= List of sugar manufacturers in Tanzania =

This is a list of sugar manufacturers in Tanzania

- Tanganyika Planting Company Limited

- Kilombero Sugar Company Limited

- Kagera Sugar Limited
- Mtibwa Sugar Estates Limited
- Mkulazi Holding Company Limited
- Bakhresa Sugar Limited

==Output and market share==
As of December 2017, the output and market share of each manufacturer is summarized in the table below:

Annual Output & Market Share of Sugar Manufacturers in Tanzania
| Rank | Name of Manufacturer | 2014 Output (Metric tonnes) | Market Share (%) |
|---|---|---|---|
| 1 | Kilombero Sugar Company Limited | 116,495 | 39.57 |
| 2 | Tanganyika Planting Company Limited | 101,226 | 34.38 |
| 3 | Kagera Sugar Limited | 50,207 | 17.05 |
| 4 | Mtibwa Sugar Estates Limited | 26,491 | 9.00 |
|  | Total | 294,419 | 100.00% |

- Totals may be a little off due to rounding.

In May 2017, The East African reported that annual production was at about 320,000 metric tonnes against domestic consumption of about 420,000 metric tonnes. By February 2019, national production was estimated at 300,000 metric tonnes annually, with national annual consumption of about 670,000 metric tonnes, of which 515,000 metric tonnes were for domestic consumption and the other 155,000 metric tonnes were for industrial use.

As of June 2020, national annual sugar consumption was estimated at 470,000 tonnes, while national sugar production was 378,000 tonnes in 2019. This created a national sugar deficit of 92,000 tonnes annually.

In June 2021, The Citizen newspaper reported that national sugar output was about 462,900 metric tonnes, with domestic demand of 635,000 metric tonnes annually, creating a deficit of approximately 172,100 metric tonnes every year. Of the 635,000 metric tonnes of annual demand, 470,000 metric tonnes were for domestic sugar and 165,000 metric tonnes were for industrial sugar.

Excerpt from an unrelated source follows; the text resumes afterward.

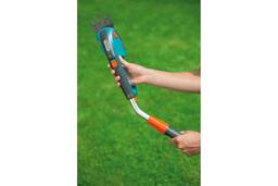 Для тех, кому мало преимуществ легких и удобных аккумуляторных садовых ножниц Gardena ClassicCut, компания Gardena выпустила эту же модель, но с впечатляющим дополнением – телескопической штангой. С такой штангой стричь траву стало еще удобнее, ведь теперь можно это делать, абсолютно не наклоняясь. Данная штанга невероятно удобна и каждый пользователь сможет легко настроить ее по своему желанию. Эта штанга с удобной рукояткой не только имеет регулируемую длину с минимальным значением в 85 сантиметров и максимальным значением в 120 сантиметров, но и может поворачиваться с шагом в 45° в каждую сторону. Если же штанга окажется не нужной, и пользователь захочет поработать садовыми ножницами Gardena ClassicCut вручную, то ее легко можно будет снять всего одним движением. Сделать это быстро и без инструментов позволяет прямое штекерное соединение штанги с ножницами. Без телескопической штанги эти садовые ножницы могут применяться и для стрижки садовых изгородей из лиственных кустарников наподобие самшита.

As of December 2023, national sugar demand was estimated at 721,000 metric tonnes annually. Of that, according to the Tanzania Sugar Board, 481,000 tonnes was brown table sugar while 240,000 tonnes was industrial sugar, all of it imported from outside Tanzania. At that time, national sugar production was estimated at to 380,000 tonnes annually. This left an annual deficit of 240,000 metric tonnes of industrial sugar and 101,000 metric tonnes of brown table sugar (total of 341,000 metric tonnes), which was imported from Uganda, India, Brazil and Thailand.